Bevestiging keuzemogelijkheid werknemer
De Hoge Raad bevestigt dat een werknemer in geval van een vernietigbare opzegging van de arbeidsovereenkomst de vrijheid heeft om ervoor te kiezen de opzegging niet te vernietigen en in plaats daarvan een billijke vergoeding te verzoeken. Zoals het Hof al overwoog kent artikel 7:681 BW geen rangorde. Het kan een werknemer dus niet worden tegengeworpen indien niet primair om vernietiging van de opzegging wordt verzocht.
Wat betekent dit voor de praktijk?
Het is na deze uitspraak duidelijk dat de billijke vergoeding geen punitief karakter heeft. Arbitraire discussies wat punitief is kunnen we dus voortaan achter ons laten. Ook is duidelijk dat bij het bepalen van de billijke vergoeding rekening moet worden gehouden met alle omstandigheden van het geval. Dat geeft houvast, maar het is nog steeds een open norm die invulling vergt.
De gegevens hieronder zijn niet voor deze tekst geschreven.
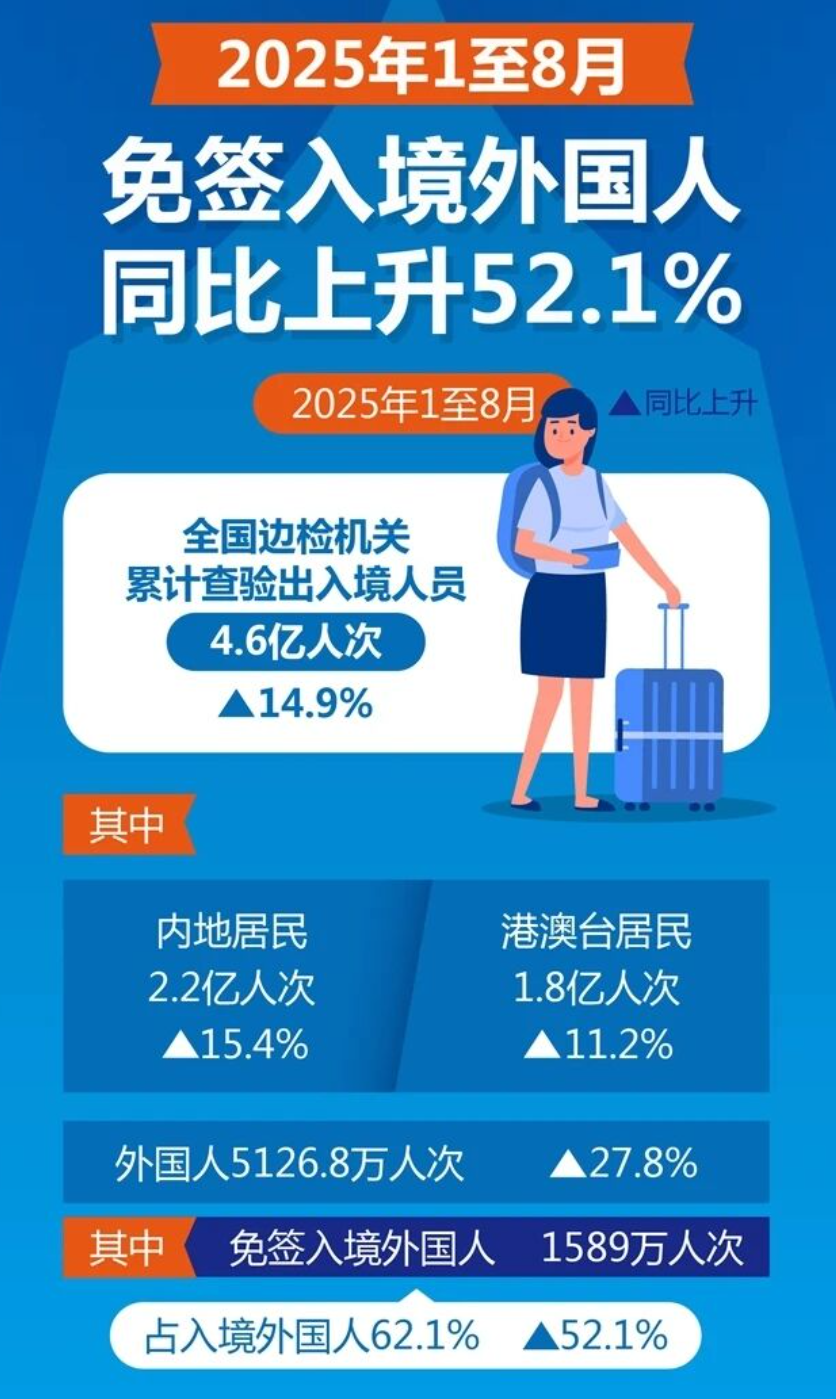 旅界此前曾写过,今年上半年1~6月,2000万人次外国人涌入中国,而据国家移民管理局最新数据,1~8月,外国人来华人次已经升至2500万,中国文旅市场红利正在逐步显现。
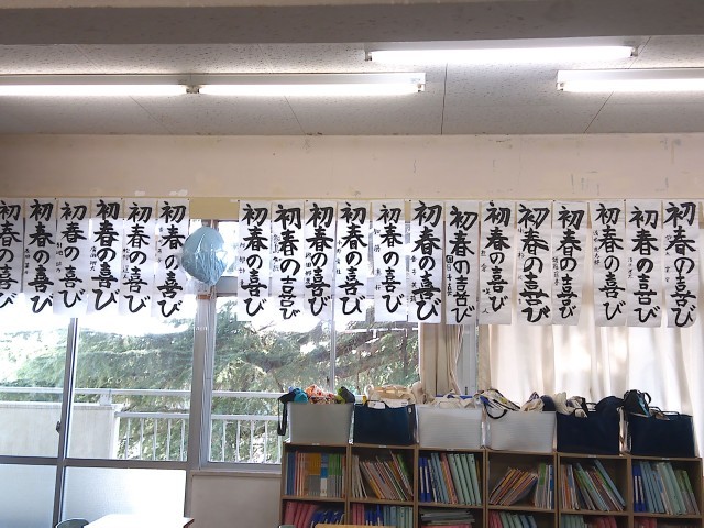 書き初め 公開日 2026/01/15 更新日 2026/01/15 学校生活のようす 3学期が始まって、生徒達も学校生活のリズムを取り戻しています。教室には書き初めが展示され、新年を迎えたことを感じます。のびのびとした字が多く、見ごたえがあります。

Zeker in geval van ontslag op staande voet adviseren wij werkgevers nog meer terughoudendheid te betrachten. Indien er geen voldragen ontslaggrond bestaat waarop kan worden teruggevallen, is er geen escape; een ontbinding zit er dan niet in en de werknemer kan niet verplicht worden om (primair) de vernietiging van de opzegging te vorderen. De billijke vergoeding kan dan torenhoog uitvallen. De rechter kan immers rekening houden met het inkomensverlies van de werknemer. Bij een werknemer met een slechte arbeidsmarktpositie is goed denkbaar dat dit kan oplopen tot enkele jaarsalarissen. Dat heeft dan wellicht niet het etiket ‘punitief’, maar is toch zeker afschrikwekkend.